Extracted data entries
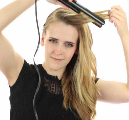- Челку и обрамляющие прядки оформите с помощью плойки и зачешите набок.
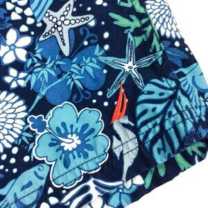 Nautica Mens Swim Trunks 2XL Blue Floral Sea Life Elastic Waist Mesh Lining
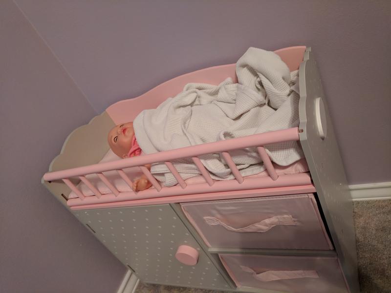 I received this doll crib set for my daughter for her American Girl Dolls or the knock off brands and it has been perfect for them. It was very easy to assemble without a lot of issues. The 18in dolls fit perfectly on the crib and the drawers are awesome to keep all the little accessories in place without losing them.
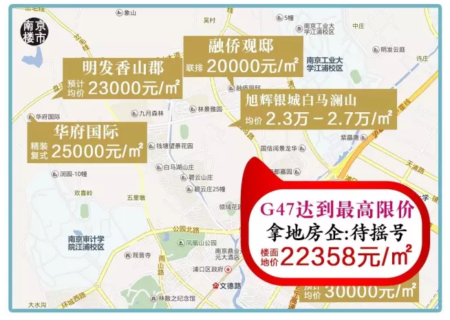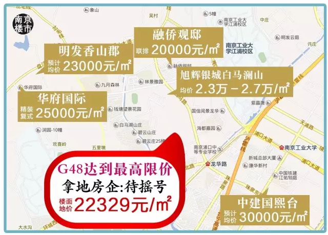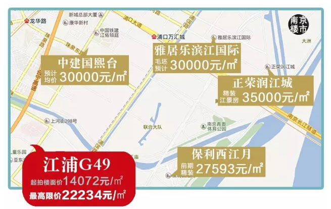 江浦G49地块,最高限价高达22234元/㎡。地块紧邻宁合高速,东侧2公里为南京青奥公园,又是一轮争抢热潮。
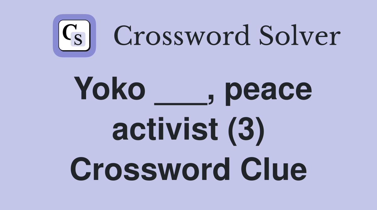 Yoko peace activist (3) Crossword Clue Answers Crossword Solver
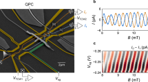 The device was fabricated in a GaAs/AlGaAs heterostructure hosting a 2DEG at 110 nm (140 nm for the device in Fig. 4, Supplementary Figs. 6 and 7) below the surface. The electron density and the mobility of the 2DEG are 2.8 × 1011 cm−2 and 9.0 × 105 cm2V−1 s−1 (2.1 × 1011 cm−2 and 1.9 × 106 cm2V−1 s−1 for the device in Fig. 4, Supplementary Figs. 6 and 7) at 4 K, respectively. The Schottky gates to define the quantum wires and the QPCs were defined by Ti/Au and the Ohmic contacts were defined by Ni/Ge/Au/Ni/Au alloy. A scanning electron microscope image of the device in Figs. 1–3 is shown in Supplementary Fig. 1. All measurements except for the ones in Fig. 1b, e were performed at the base temperature of a dilution refrigerator around 15 mK. Characterisation measurement in Fig. 1b was performed at room temperature and the one in Fig. 1e was performed at 4 K.
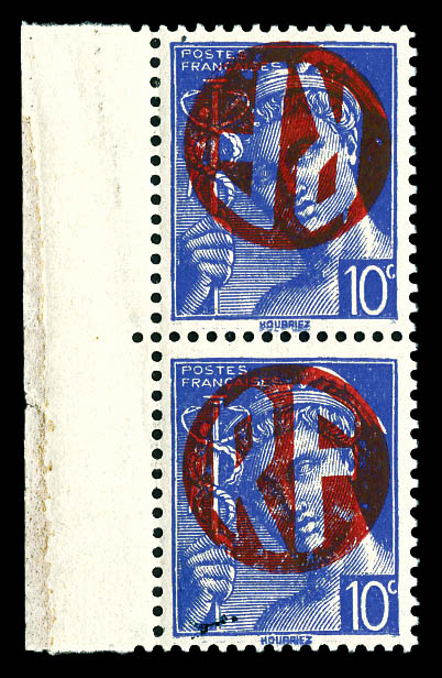 N°1, CHOLET (Maine et Loire), Non émis, SURCHARGE ROUGE RENVERSEE tenant à SURCHARGE ROUGE en paire bdf. SUPERBE. R.R.R (certificat)
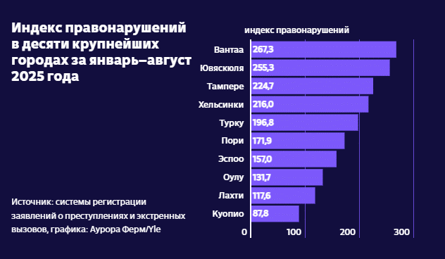 Вантаа, Ювяскюля и Тампере оказались лидерами по нарушениям общественного порядка среди крупных городов Финляндии.
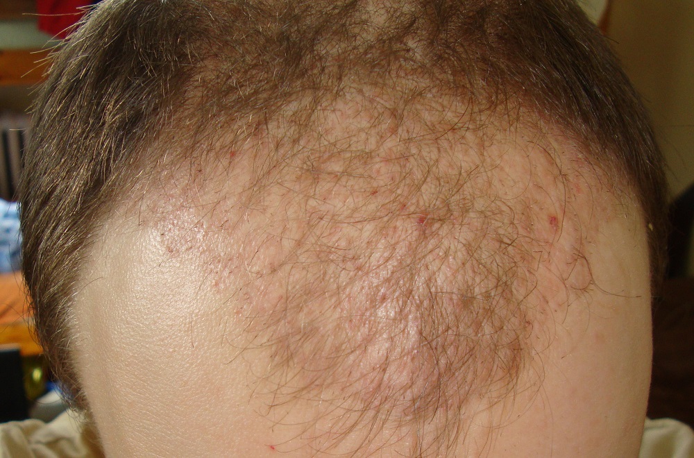 - Haarwachstum nicht gleichmäßig, vorne an den vorher völlig kahlen Stellen kommen mehr Haare ans an den Stellen, an denen vorher noch dünnes Haar war
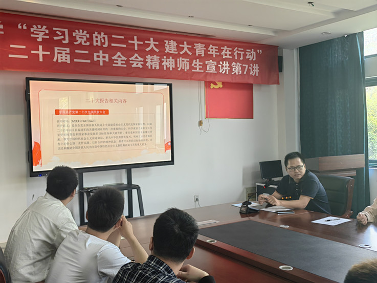 外国语学院辅导员樊远兵作了题为《青春践行二十大 挺膺担当共成长》的报告,从党的二十大和党的二十届二中全会召开的背景、意义及党的二十大报告和党的二十届二中全会公报的主要内容出发,系统宣讲了党的二十大和二十届二中全会精神。他指出青年学子要认真贯彻党的二十大和二十届二中全会精神,牢记党的嘱托、党的教育,不负韶华,不负时代,努力成为有理想、敢担当、能吃苦、肯奋斗的新时代好青年,为全面建设社会主义现代化国家、全面推进中华民族伟大复兴,做出新的更大贡献。(作者:樊远兵;审核:余鸿)
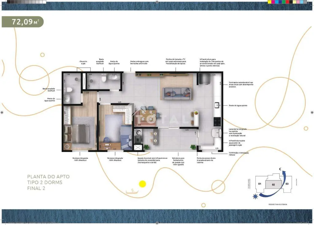 O condomínio conta com Academia | Piscina | Playground | Salão de festas | Pet Place | Espaço Gourmet | Pergolado | Área de convivência | Depósito de entregas | Pet Wash | Espaço oficina | Coworking | Deck seco e molhado
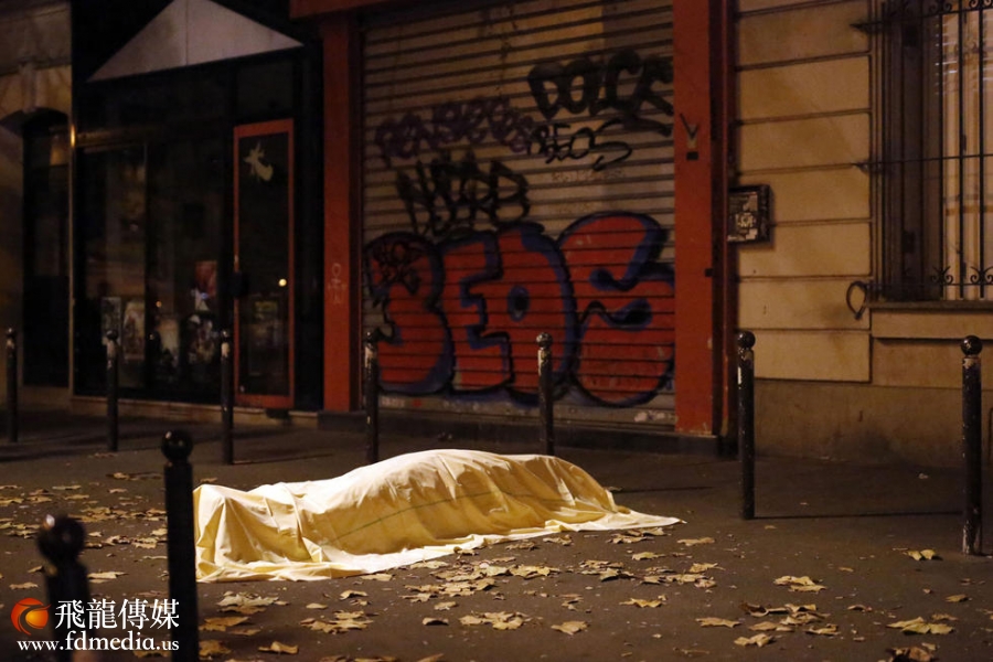 图十六:2015年11月13日,造成130人死亡的IS巴黎恐袭事件,事发地点之一的巴塔克莱恩剧院门外一位遇难者被盖上了白布。

Directions for this task >> Retype the records above exactly, leaving every picture out of your copy.

Exercise solution >>
- Челку и обрамляющие прядки оформите с помощью плойки и зачешите набок.
 Nautica Mens Swim Trunks 2XL Blue Floral Sea Life Elastic Waist Mesh Lining
 I received this doll crib set for my daughter for her American Girl Dolls or the knock off brands and it has been perfect for them. It was very easy to assemble without a lot of issues. The 18in dolls fit perfectly on the crib and the drawers are awesome to keep all the little accessories in place without losing them.
 江浦G49地块,最高限价高达22234元/㎡。地块紧邻宁合高速,东侧2公里为南京青奥公园,又是一轮争抢热潮。
 Yoko peace activist (3) Crossword Clue Answers Crossword Solver
 The device was fabricated in a GaAs/AlGaAs heterostructure hosting a 2DEG at 110 nm (140 nm for the device in Fig. 4, Supplementary Figs. 6 and 7) below the surface. The electron density and the mobility of the 2DEG are 2.8 × 1011 cm−2 and 9.0 × 105 cm2V−1 s−1 (2.1 × 1011 cm−2 and 1.9 × 106 cm2V−1 s−1 for the device in Fig. 4, Supplementary Figs. 6 and 7) at 4 K, respectively. The Schottky gates to define the quantum wires and the QPCs were defined by Ti/Au and the Ohmic contacts were defined by Ni/Ge/Au/Ni/Au alloy. A scanning electron microscope image of the device in Figs. 1–3 is shown in Supplementary Fig. 1. All measurements except for the ones in Fig. 1b, e were performed at the base temperature of a dilution refrigerator around 15 mK. Characterisation measurement in Fig. 1b was performed at room temperature and the one in Fig. 1e was performed at 4 K.
 N°1, CHOLET (Maine et Loire), Non émis, SURCHARGE ROUGE RENVERSEE tenant à SURCHARGE ROUGE en paire bdf. SUPERBE. R.R.R (certificat)
 Вантаа, Ювяскюля и Тампере оказались лидерами по нарушениям общественного порядка среди крупных городов Финляндии.
 - Haarwachstum nicht gleichmäßig, vorne an den vorher völlig kahlen Stellen kommen mehr Haare ans an den Stellen, an denen vorher noch dünnes Haar war
 外国语学院辅导员樊远兵作了题为《青春践行二十大 挺膺担当共成长》的报告,从党的二十大和党的二十届二中全会召开的背景、意义及党的二十大报告和党的二十届二中全会公报的主要内容出发,系统宣讲了党的二十大和二十届二中全会精神。他指出青年学子要认真贯彻党的二十大和二十届二中全会精神,牢记党的嘱托、党的教育,不负韶华,不负时代,努力成为有理想、敢担当、能吃苦、肯奋斗的新时代好青年,为全面建设社会主义现代化国家、全面推进中华民族伟大复兴,做出新的更大贡献。(作者:樊远兵;审核:余鸿)
 O condomínio conta com Academia | Piscina | Playground | Salão de festas | Pet Place | Espaço Gourmet | Pergolado | Área de convivência | Depósito de entregas | Pet Wash | Espaço oficina | Coworking | Deck seco e molhado
 图十六:2015年11月13日,造成130人死亡的IS巴黎恐袭事件,事发地点之一的巴塔克莱恩剧院门外一位遇难者被盖上了白布。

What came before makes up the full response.